The European Commission and US officials on Tuesday called on Palestinians and Israelis to prevent the derailment of the peace process following a deadly Tel Aviv bomb blast.
Tony Blair with Mahmoud Abbas in London on Tuesday
Coming just days after a suicide bomb in Tel Aviv threatened to undermine the three-week-old ceasefire declaration between Palestinians and Israelis, Tuesday's one-day meeting in London was seen by many as a good first chance to revive the "road map" plan for Middle East peace.
In response to Friday's bombing in Tel Aviv that has endangered a fragile peace between Israelis and Palestinians, the European Union, Russia, the United Nations and the United States called for "immediate action by the Palestinian Authority to apprehend and bring to justice the perpetrators" of the attack that killed five people.
During the meeting, Palestinian President Mahmoud Abbas again condemned Friday's attack, which undermined a three-week-old truce with Israel. He told a news conference he held with Tony Blair, who hosted the conference, that Palestinians were committed to preventing attacks and promised to track down the culprits.
About 50 radical Islamic protestors from the Party of Freedom, an organization which is banned in many countries, demonstrated outside the conference, denouncing Abbas for what they called "acquiescence" to the United States. A speaker for the group said its aim was to return Israel and the Occupied Territories to governance under Islamic law and one leader.
"Muslim land is not for sale," they chanted.
Large international presence
The London talks brought together Abbas, US Secretary of State Condoleezza Rice, UN Secretary Genera Kofi Annan as well as some 40 European and Arab foreign ministers and World Bank and International Monetary Fund representatives.
"We are trying to lay a foundation for a successful movement through the road map to a two-state solution," Rice told a news conference in London.
EU Commissioner for External Relations and European Neighborhood Policy, Benita Ferrero-Waldner
European Union external relations chief Benita Ferrero-Waldner, who attended the talks, said it was the duty of everyone attending to work towards helping Palestinians reap the "fruits of peace."
"Each of us must play our part to ensure that the new momentum for peace is not derailed," she said Monday.
Israel calls for resolution
Palestinian Authority President Mahmoud Abbas, left, and Israeli Prime Minister Ariel Sharon in Egypt on Feb. 8.
Israeli officials meanwhile called on conference participants to pass a resolution committing the Palestinian Authority to dismantle militant activity.
"We want the London conference, which is set to promote reform in the Palestinian Authority, to commit to dismantling terrorist infrastructure," said foreign ministry spokesman Mark Regev.
Keeping peace process on track
Following Friday's bomb blast in downtown Tel Aviv -- the first since a landmark summit and ceasefire between Israeli and Palestinian leaders in Egypt of Feb. 8 -- observers in Europe worried the fragile peace process could suffer another set-back.

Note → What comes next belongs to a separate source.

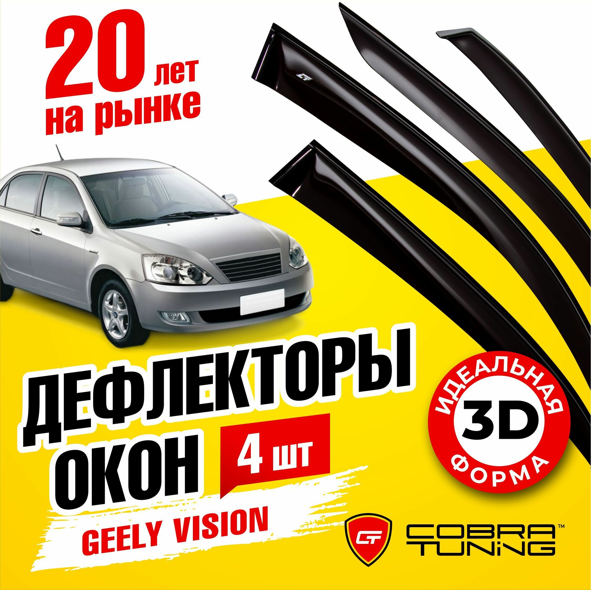 10 цен на Дефлекторы боковых окон для Geely Vision (Джили Визион) 2008-2011, ветровики на двери автомобиля, Cobra Tuning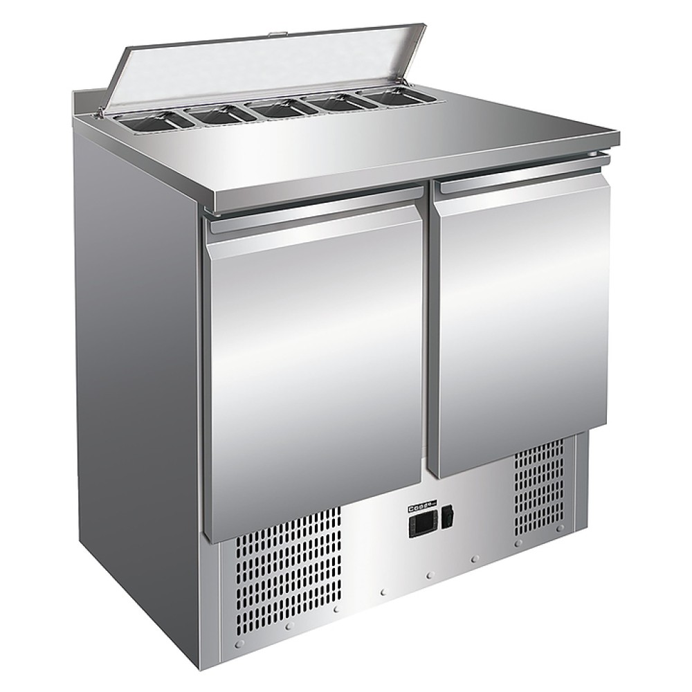 Холодильный стол Cooleq S901-5GN 1/6 предназначен для хранения и приготовления салатов и других блюд на предприятиях общественного питания. Модель оснащена агрегатным отсеком снизу, столешницей с бортом, 2 холодильными камерами с дверьми, 1 полкой и 1 парой направляющих под GN 1/1 в каждой секции. Столешница служит рабочей поверхностью, что экономит пространство. Корпус выполнен из нержавеющей стали, отличающейся прочностью и долговечностью, не впитывает загрязнения и легко очищается.

Ferrero-Waldner called on Abbas to strengthen a clampdown on militant factions, such as the Islamic Jihad which claimed responsibility for the Tel Aviv blast.
"President Abbas must take effective steps to fight and dismantle terror organizations, stop incitement, and maintain law and order within the Palestinian territories and vis-à-vis Israel," the EU official said while pointing out that Israel, for its part, needs to "ease restrictions on freedom of movement."
"Both sides are taking risks for peace and need our support," she added.
In the run-up to the London conference, the EU announced that it had earmarked up to €250 million ($331 million) this year to support steps towards the creation of a viable Palestinian state. The money will go towards creating a functioning judiciary system, supporting elections, and continuing efforts to improve governance and financial transparency. "We will make funds available to help deliver tangible improvements in living conditions, to build up the Palestinian's government capacity, and support the reconstruction of infrastructure and basic services," Ferrero-Waldner said.